What’s up with women and anniversaries, anyway?
Sunday, April 6th, 2008I was recently talking to a fellow who was befuddled by the female habit of going berserk when a man forgets her birthday, an anniversary, or Valentine’s Day, even if he was great to her every other day of the year.
I realized that, as a female, I was also befuddled by this. It really doesn’t make a lot of sense to get cheesed off at your man in these circumstances.
So what’s up with this behavior? I decided to put my noodle to work and see if I could figure out what the basis of this behavior.
It’s my experience that if you want to figure out the reason behind anything that people do, the best place to start is at the base instinct level. Even though we’re smarter than, say, a cat or dog, we’re basically running on the same software engine. We all share the same primal desire: survive and make more.
Now, humans are social animals by nature. Social animals depend on cooperation for survival, but there is also compromise and competition. In the case of human females, there is competition for males.
Natural selection favors the female who can keep her male’s attention, and by extension natural selection would also favor a female who is attentive to signs that her male’s attention may be on other things, enabling her to take action and do something.
Now, here comes the next part: social conditioning.
Most of us are conditioned from childhood to expect gifts on certain days. This practice has a positive effect: it reassures us that our friends and family care about us. (Care and cooperation is a big thing in social creatures.) If abused, however, it can leave us expecting a bit too much… but that’s another issue.

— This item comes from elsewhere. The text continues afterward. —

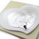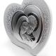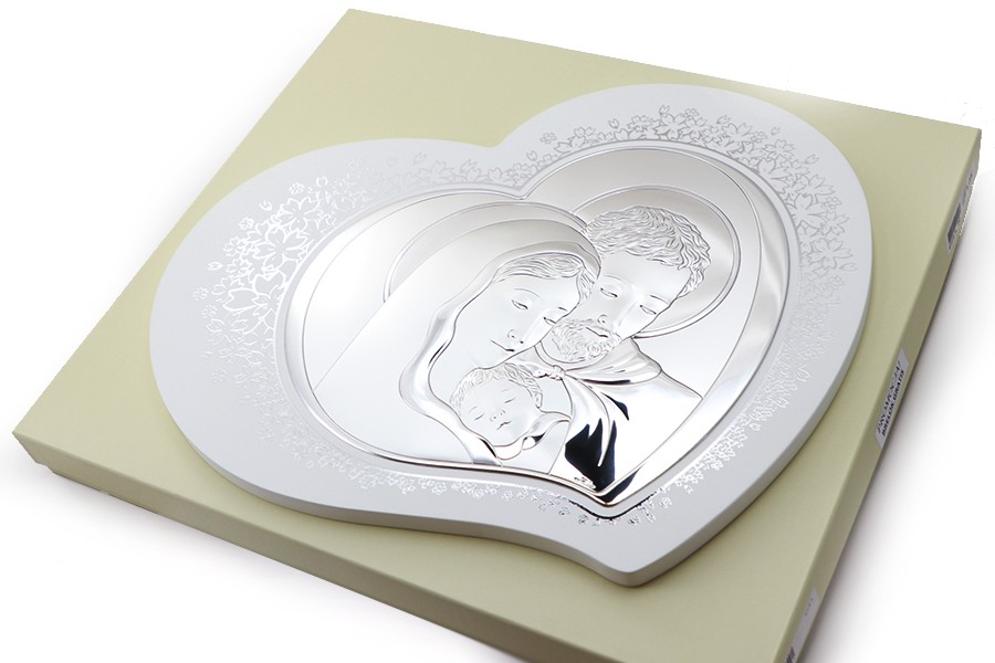 Obrazek srebrny na białym drewnie przedstawiający wizerunek Świętej Rodziny.

When someone gives us a gift, we often conclude that they care about us. When someone fails to get us a gift when we know from conditioning that they’re supposed to give us one to show that they care… well, what’s the first conclusion?
Now imagine yourself as a child. Your father has promised to bring you something that you really wanted when he comes home. Yet when he gets home, it turns out that he has forgotten about it. You feel hurt. By not delivering on an expected positive affirmation, he has delivered a negative affirmation.
The same type of thinking is likely what gets women so irritated when their significant others fail to deliver. By failing to present a positive affirmation when he is expected to, he unwittingly delivers a negative affirmation.